Maryanne (name withheld) secured a tender to supply office stationery and computers in Bungoma county two years ago under the youth category. Being a first-timer, she went for a bank loan of Sh1.5 million and made the supplies, hoping to get paid in a month’s time, repay the loan and then walk away with Sh700,000 as profit.
“After being awarded the tender, I delivered the supplies within 10 days but trouble started when it came to processing payments. By the time all the documents were signed, two months had passed and that only happened after parting with Sh50,000,” said Ms Atieno.
She added: “I started following up on my payments and anytime I went to the finance office to ask for my money, I would be told that the national government had not disbursed money to the county. But what shocked me is that some established contractors in the county would be paid promptly even a week after making deliveries.”
Maryanne pleaded with her father to save her from being auctioned after defaulting on loan repayment as earlier agreed with the bank. They sold a piece of land to offset the loan. She is still waiting for the day the county will pay her.
She is an example of many suppliers who have undergone financial distress after supplying goods and services to counties but have not been paid.
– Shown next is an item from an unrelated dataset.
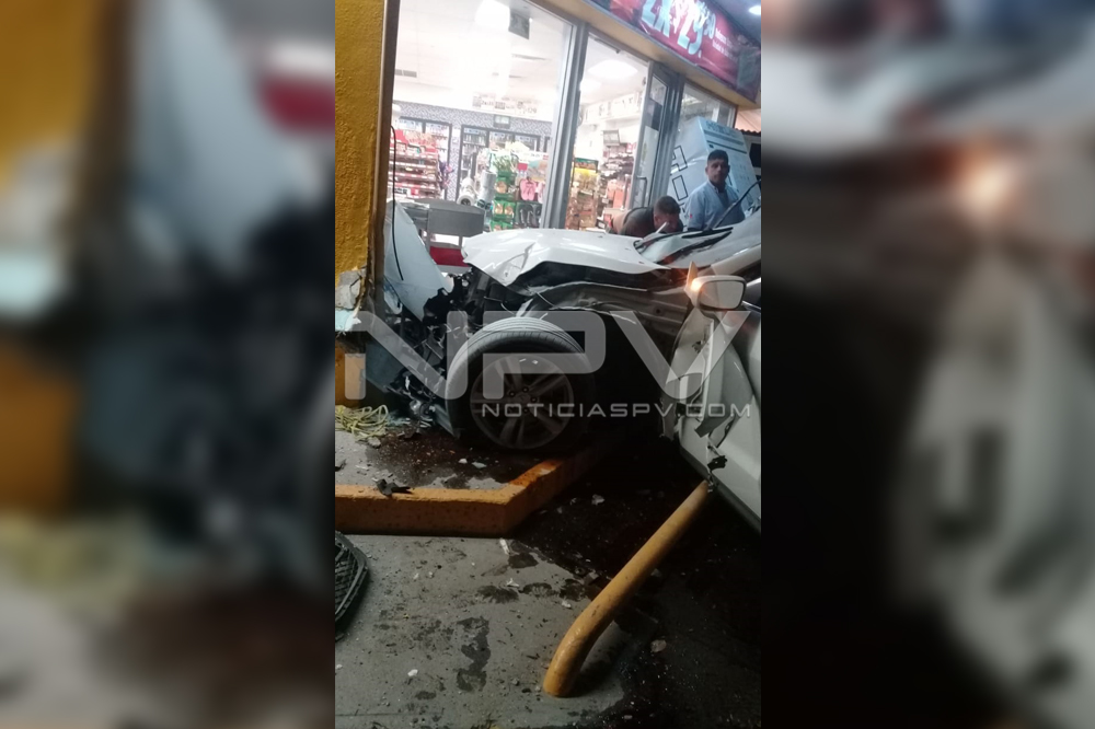 Se impactó de frente con su vehículo contra una tienda Oxxo en Nuevo Vallarta siendo rescatado por los Bomberos de los fierros retorcidos donde quedó prensado

Some have auctioned their properties while having their businesses collapse after selling them out to repay the expensive bank loans.
Bungoma Governor Ken Lusaka, said that he inherited pending bills of more than Sh1 billion from the previous regime, saying he formed a task force to carry out an audit to weed out ghost workers.
Lusaka said only genuine contractors and suppliers who followed the due process were going to get paid. “We carried out an audit just to make sure that the pending bills arise from genuine work that is done to completion. It was not a witch-hunt and after the audit was out, we discovered that only Sh439.977 million was eligible and Sh589.915 million was ineligible,” said Lusaka.
On flagship projects, there was Sh248.502 million as pending bills but after the audit, only Sh60.057 million was genuine and Sh188.445 million was found to be not genuine.
Vihiga Governor Wilber Ottichilo in his inaugural address to the third county assembly session, last year, said that they have at least Sh500 million in pending bills. “We inherited Sh2.8 billion in historical pending bills. We were directed by the treasury to have a payment plan for these bills from 2018 to date. We have to date paid Sh2.3 billion. We have a balance of at least Sh500 million,” said Ottichilo.